Сэнди. Никогда. Если бы я надумала тебе изменять, то уж лучше с Ховардом Нудельманом.
Хэл. С Нудельманом? С нашим риелтором?
Сэнди. Он знает, как разбудить в женщине женщину.
Хэл. В каком смысле?
Сэнди. Неважно.
Хэл. Ты разок перепихнулась с Ховардом Нудельманом, что ли?
Сэнди. Нет.
Хэл. Слава богу.
Сэнди. Я сплю с ним много лет. У нас давно роман.
Хэл. У тебя роман с Нудельманом?
Сэнди. Да.
Хэл. Я серьезно!
Сэнди. Раз мы выкладываем все начистоту, я тоже имею право быть честной.
Хэл. Но ты же только что сказала: «если бы я надумала изменить» — в смысле не изменяла.
Сэнди. Я больше не могу врать. При всем уважении к тебе, я сплю с Нудельманом.
Дэвид. Ай да Нудельман!
Хэл. Ты смеешься.
Сэнди. Я любила тебя, Хэл, — ты ведь знаешь. Но что делать, когда романтика уходит, страсть угасает, а ты по-прежнему дорожишь своим спутником? Остается только изменять.
Норман. Именно это я пытался объяснить Шейле.
Хэл. Сколько же раз вы спали?
Сэнди. Разве цифры что-то решают?
Хэл. Для меня да. Я бухгалтер.
Сэнди. Ну, скажем так: я не хожу на приемы к психоаналитику.
Хэл. Ты хочешь сказать, каждую среду, четверг и субботу…
Сэнди. Нет никакого доктора Файнгласа.
Хэл. А я думал, ты борешься с депрессией.
Сэнди. Я и боролась. И могу всем порекомендовать такую терапию.
Хэл. А сто шестьдесят долларов в час?
Сэнди. Номер в гостинице.
Хэл. Я весь год оплачивал вам с Нудельманом номер в гостинице?
Сэнди. А тебе не казалось странным, что у меня единственный на свете психотерапевт, который не уходит в отпуск в августе?
Дэвид.
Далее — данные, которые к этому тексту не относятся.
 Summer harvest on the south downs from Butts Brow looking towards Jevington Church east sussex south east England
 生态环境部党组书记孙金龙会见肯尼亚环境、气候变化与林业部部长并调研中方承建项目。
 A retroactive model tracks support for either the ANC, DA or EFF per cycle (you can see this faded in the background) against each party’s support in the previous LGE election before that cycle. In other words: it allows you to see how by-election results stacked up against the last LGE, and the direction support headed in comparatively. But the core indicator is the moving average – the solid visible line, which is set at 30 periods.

Вот сущий фарс. Что там наша жизнь!
Шейла. Фарс? Разве это не трагедия?
Норман. А в чем трагедия-то?
Шейла. Разве это не горько: два человека когда-то наверняка любили друг друга — и явно любят до сих пор, — но былое очарование, прежнее влечение исчезло…
Дженни. Никто не в силах продлить влюбленности.
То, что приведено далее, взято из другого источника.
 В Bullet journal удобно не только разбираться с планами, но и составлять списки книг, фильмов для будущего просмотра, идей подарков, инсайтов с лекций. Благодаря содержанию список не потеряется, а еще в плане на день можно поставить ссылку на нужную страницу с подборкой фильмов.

Дэвид. Увы. Мы привыкаем, на место страсти приходит что-то другое — совместный опыт, дети, скотство.
Хэл. Вы с Нудельманом и сейчас встречаетесь?
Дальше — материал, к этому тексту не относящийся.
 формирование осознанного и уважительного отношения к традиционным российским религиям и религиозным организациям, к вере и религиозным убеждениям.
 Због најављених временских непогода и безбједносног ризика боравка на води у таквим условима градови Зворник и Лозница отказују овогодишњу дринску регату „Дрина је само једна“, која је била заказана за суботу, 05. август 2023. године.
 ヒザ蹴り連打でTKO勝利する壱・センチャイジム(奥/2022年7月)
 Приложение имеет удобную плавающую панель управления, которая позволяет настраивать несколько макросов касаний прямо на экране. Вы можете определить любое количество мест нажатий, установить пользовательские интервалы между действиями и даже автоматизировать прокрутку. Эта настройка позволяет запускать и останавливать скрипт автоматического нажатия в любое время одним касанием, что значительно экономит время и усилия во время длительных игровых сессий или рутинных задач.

Сэнди. Нет. Помнишь, в начале года у него было сотрясение?
Хэл. Помню. Он до сих пор не оклемался. Как это случилось?
Сэнди. Зеркало упало с потолка. Он лежал один в кровати.
Хэл. Черт возьми! Лучше бы оно упало на меня!
Дэвид. Я тебе объясню, почему это фарс. Потому что они слишком трогательны. Мелковаты для трагедии. Ну кто они такие? Он бухгалтер, она домохозяйка. Это не Гамлет и не Медея.
Хэл. Знаете что, не только принцы умеют страдать. На свете миллионы людей мучаются ничуть не меньше Гамлета. Каждый из них — по-своему Гамлет. Гамлет на ноотропиле.
Сэнди. Ревнивый, как Медея.
Макс. Ну и что же из этого следует? У всех есть свои секреты, свои скелеты в шкафу, тайные страсти, темные наклонности — и если мы хотим, чтобы жизнь продолжалась, надо научиться прощать.
Норман. Вот об этом и будет пьеса. Да, я на минутку увлекся твоей сестрой — большое дело! Может, действительно, вы напишете, что Шейла и Дэвид тоже как-то раз провели шальную ночку вдвоем, — и таким образом нам открываются трогательные слабости друг друга и мы друг друга прощаем.
Дженни. Мило. Зрители смеются над нами и ненадолго забывают о собственных горестях. Мы целуемся и миримся.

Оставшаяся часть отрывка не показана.